Users of LLMs face one more challenge in evaluating and trusting these systems: while the broad strokes of these mitigation techniques are known, LLM companies do not fully disclose what they’re doing to address these concerns. Most LLM companies implement what amounts to security through obscurity. For reasons ranging from competitive advantage to regulatory uncertainty to possible inadequacies in their solutions, these companies keep their LLM management efforts largely secret. You don’t really know what they’re doing to protect you, or whether they’re actually censoring you inappropriately. This violates Kerckhoffs’s Principle—that security systems should be transparent about their methods—making these systems less trustworthy overall.

Given all of these efforts, it is clear that LLM producers understand that the awesome power of their products also makes it harder to ensure that they are safe, secure, and predictable. They’re deploying numerous techniques, attempting to maintain that power and flexibility while producing reasonable, consistent, safe, and useful outputs. Over time, these efforts have improved results considerably. But it’s unclear whether LLMs can ever be fully contained or made completely reliable. 

As my guitar tab frustration demonstrated, when the underlying LLM is simply wrong about something, none of these protective layers provide any relief—they can only work around problems they can detect, not problems that look perfectly reasonable but are simply wrong.

Implications

LLMs are being used in a rapidly increasing number of scenarios, so understanding how they actually work is becoming essential. Many people and companies are misusing them by treating them as friendly, perfectly predictable and infallible sources of truth, simply because they don’t understand their limitations or how they really behave.

It’s interesting to understand these systems, but also critical.

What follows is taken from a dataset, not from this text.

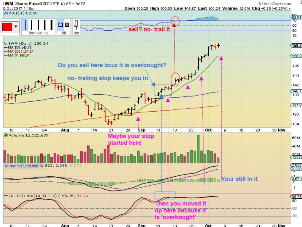 Look at this chart of the IWM ( Or RUT). Instead of selling because it looked extended or overbought a week or 2 ago, you use a stop that follows it higher, and a trailing stop keeps you invested as it moves higher day after day.

Companies are rushing to implement LLM-based systems for customer service, content generation, or even automated decision-making without accounting for the fundamental unpredictability. These projects risk expensive failures not because the technology lacks power, but because it lacks the reliability these applications require.

The key point of this entire article is this: The same probabilistic mechanism that gives LLMs their amazing power and versatility also ensures that they cannot be completely predictable, trustworthy, safe, and secure. It is dangerous to treat them as such.

The LLM success stories share a common pattern – they work WITH the nature of LLMs rather than against it. GitHub Copilot succeeds because developers naturally review code suggestions the same way they’d review any colleague’s work. Grammarly works because they emphasize collaboration. The failures occur when people assume LLMs are reliable, helpful, autonomous decision-makers rather than sophisticated pattern-matching tools that require human judgment.

I use multiple LLMs every day for a range of tasks. But I always treat them like a brilliant assistant who can sometimes rapidly produce impressive work but requires constant, careful supervision. Because I understand how they actually work.

Quick update: Don’t take it from me—consider OpenAI’s own recent research. In “Why Language Models Hallucinate” (September 2025), they confirm that hallucinations aren’t bugs to be fixed, but inevitable consequences of how LLMs are trained and evaluated.